*** Begin section ***
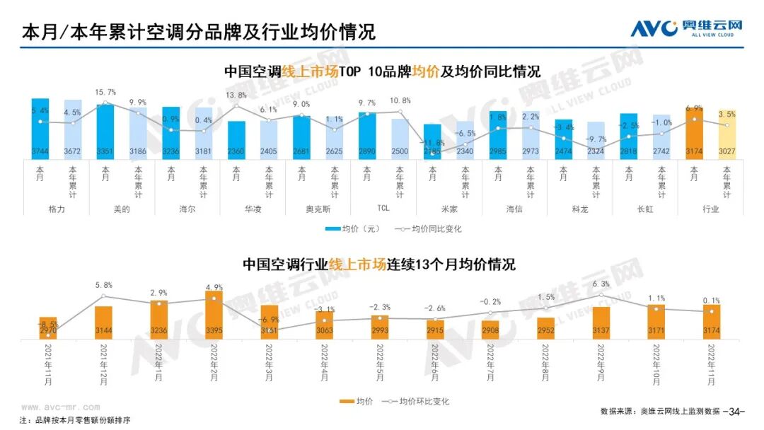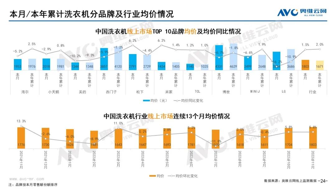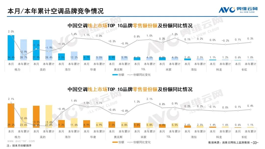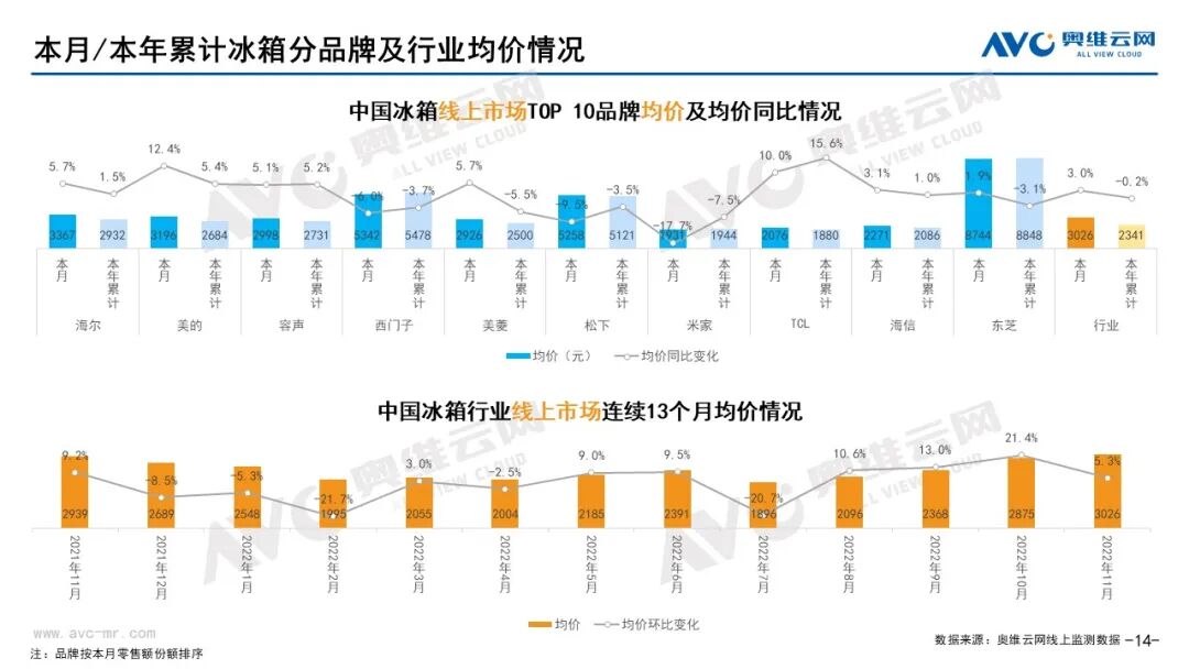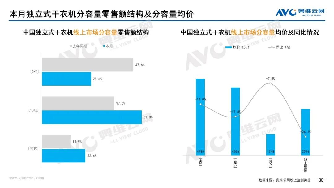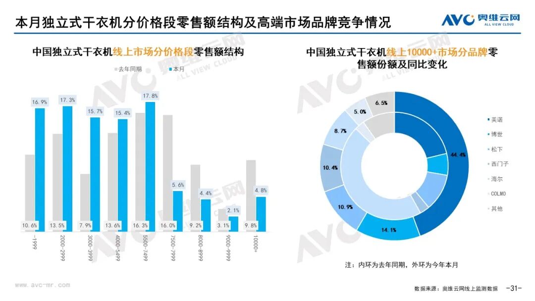 白电:据奥维云网(AVC)线上市场监测数据显示,本月白电各品类中,冰箱、冰柜、洗衣机、独立式干衣机和空调线上零售额规模同比分别为-12.8%、2.4%、-18.8%、68.1% 和5.0%;冰箱、冰柜、洗衣机、独立式干衣机和空调的均价分别为3026元、1180元、1803元、2916元和3174元,同比分别为3.0%、-0.2%、1.5%、-24.1% 和6.9%;各品类中,高端品零售额占比分别为4.6%、5.5%、1.2%、4.8% 和2.8%,同比分别为-1.0%、-0.1%、-0.6%、-5.0% 和-0.3%。
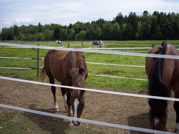 Die Unterbringung erfolgt neben dem Offenstall der Herde in Paddockboxen, so dass ein Kontakt möglich ist ohne Verletzungsgefahr.Wenn die Herde Weidegang hat kommt ihr Pferd auf eine Koppel daneben, je nach Verträglichkeit mit einem Pferd aus der Herde.
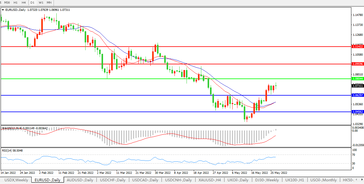 欧元兑美元EURUSD 日线图:
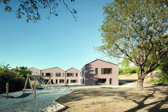 Natürlich sind jeder Gruppe Freibereiche zugeordnet, natürlich sind alle Gruppenräume „maßstabgerecht“interpretiert, also auch für die kindliche Perspektive zugeschnitten. Und natürlich ist in den Innenräumen eine Einheitlichkeit des Materials durchgehalten, die den Eindruck von Großzügigkeit vermittelt. Kein unnötiges Detail, keinerlei Zierat – aber ein reizvolles Spiel mit Baukörpern, mit Transparenz und Geschlossenheit, mit Oberflächen und Farben, mit Blickwinkeln.
*** End section ***
> YOUR OBJECTIVE:
Return each line above exactly; any pictures are to be skipped.

> RESULT FOR THIS TASK:
 白电:据奥维云网(AVC)线上市场监测数据显示,本月白电各品类中,冰箱、冰柜、洗衣机、独立式干衣机和空调线上零售额规模同比分别为-12.8%、2.4%、-18.8%、68.1% 和5.0%;冰箱、冰柜、洗衣机、独立式干衣机和空调的均价分别为3026元、1180元、1803元、2916元和3174元,同比分别为3.0%、-0.2%、1.5%、-24.1% 和6.9%;各品类中,高端品零售额占比分别为4.6%、5.5%、1.2%、4.8% 和2.8%,同比分别为-1.0%、-0.1%、-0.6%、-5.0% 和-0.3%。
 Die Unterbringung erfolgt neben dem Offenstall der Herde in Paddockboxen, so dass ein Kontakt möglich ist ohne Verletzungsgefahr.Wenn die Herde Weidegang hat kommt ihr Pferd auf eine Koppel daneben, je nach Verträglichkeit mit einem Pferd aus der Herde.
 欧元兑美元EURUSD 日线图:
 Natürlich sind jeder Gruppe Freibereiche zugeordnet, natürlich sind alle Gruppenräume „maßstabgerecht“interpretiert, also auch für die kindliche Perspektive zugeschnitten. Und natürlich ist in den Innenräumen eine Einheitlichkeit des Materials durchgehalten, die den Eindruck von Großzügigkeit vermittelt. Kein unnötiges Detail, keinerlei Zierat – aber ein reizvolles Spiel mit Baukörpern, mit Transparenz und Geschlossenheit, mit Oberflächen und Farben, mit Blickwinkeln.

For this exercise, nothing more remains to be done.